After that, every AP had three neighbours per radio, usteer had AP/client state, and hostapd has explicit 802.11k neighbour data to hand to clients that ask for it.
What Changed
The first comparison is a little boring, but useful. Here is the 2.4GHz SNR before and after the change (this, like the other charts here, was generated from Graphite data):
There is no miracle here. 2.4GHz remains 2.4GHz–crowded, noisy, full of junk devices and crowded by all my neighbors. Two of the APs improved or stayed roughly level, two got worse in the sampling window, and I have zero expectations about ever clearing this kind of congestion without moving to the countryside.
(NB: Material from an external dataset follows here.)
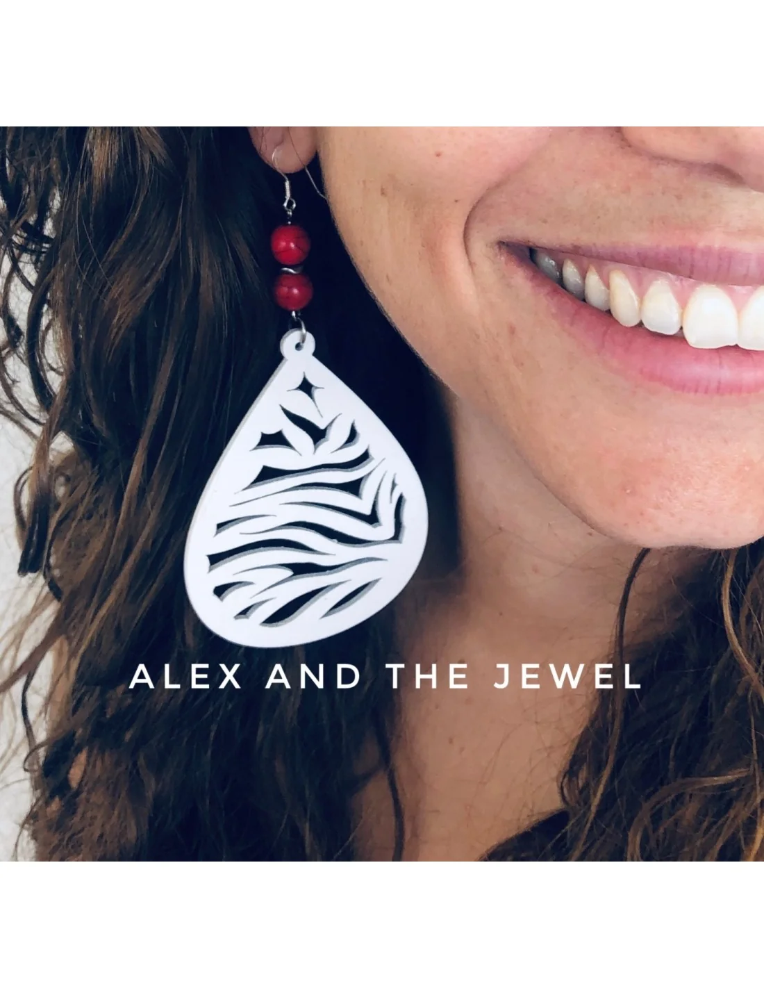 Δεν υπάρχουν άλλα προϊόντα στο καλάθι σαςΚόσμημα σκουλαρίκια από ξύλινο λευκό στοιχείο με πέτρες αιματίτη με πέτρες τιρκουάζ Χαολίτη ή κόκκινο κοράλι Summer Madness
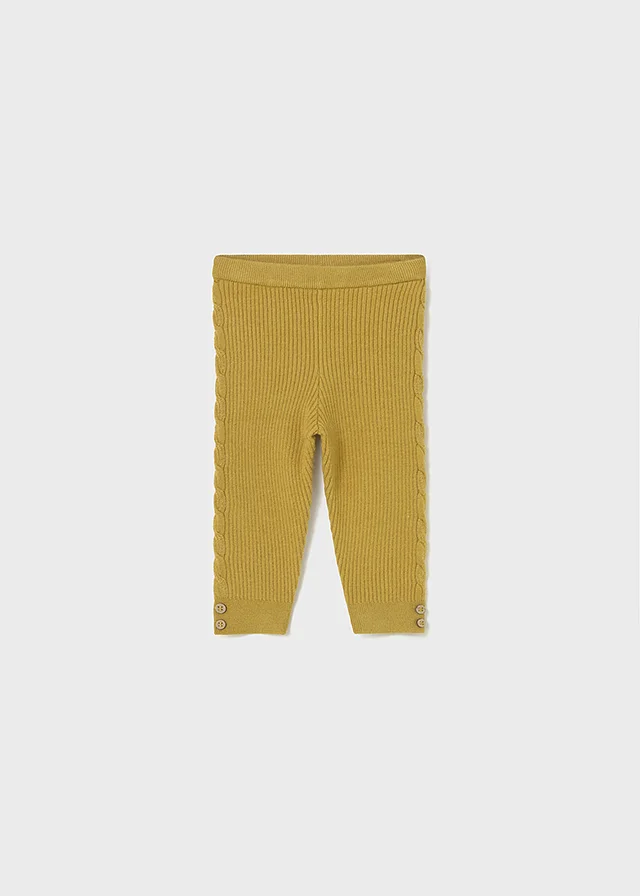 Pantalón tipo legging para bebé. Cinturilla elástica. Tejido de punto tricotosa de tacto suave y agradable. Elementos de adorno: botones decorativos, detalles trenzados, detalles de canalé.

The 5GHz side is more encouraging, even if you do need to know when we were near which AP at what time when you look at active bitrates:
The interesting part, though, is that at least between two APs, there was a noticeable shift in usage–which seems to reflect where clients should be registered in practice:
But the best sanity check is the sticky-client view, because that is what started this in the first place:
The number of merely weak clients did not disappear–one extra client fell below -75dBm in the later sample–but the very weak clients went away. That is the bit I care about: the previous -90dBm-ish sticky associations were gone in the later check, which seems to indicate clients are not getting hung up on their previous AP and are indeed roaming.
Caveats
A single sample is not science, and Wi-Fi is a swamp of client decisions, radio noise and domestic entropy. I also saw one new Fast Transition log entry after the rollout:
FT: Missing required pairwise in pull response from a peer AP
That happened once in the latest check. It is not enough to call the setup broken, but it is worth watching–especially because SAE and FT have enough moving parts that I would rather trust logs than assumptions.
Going Forward
I will be keeping an eye on this over the next few weeks… somehow. I got an LLM to do the Graphite queries and chart scripting for me, and ain’t nobody got time to build dashboards only I would look at, but the metrics aren’t going to go away and the stable config lives in my local Gitea instance now, so there’s really no excuse not to do a spot check in a few months.
But I really like my Cudy APs. No cloud controller, no meshing, no mobile app and no secret sauce. Just OpenWRT, collectd/Graphite, and the odd ssh session to check configs.
That is still the main thing I like about this setup: when it gets weird, it gets weird in ways I can inspect.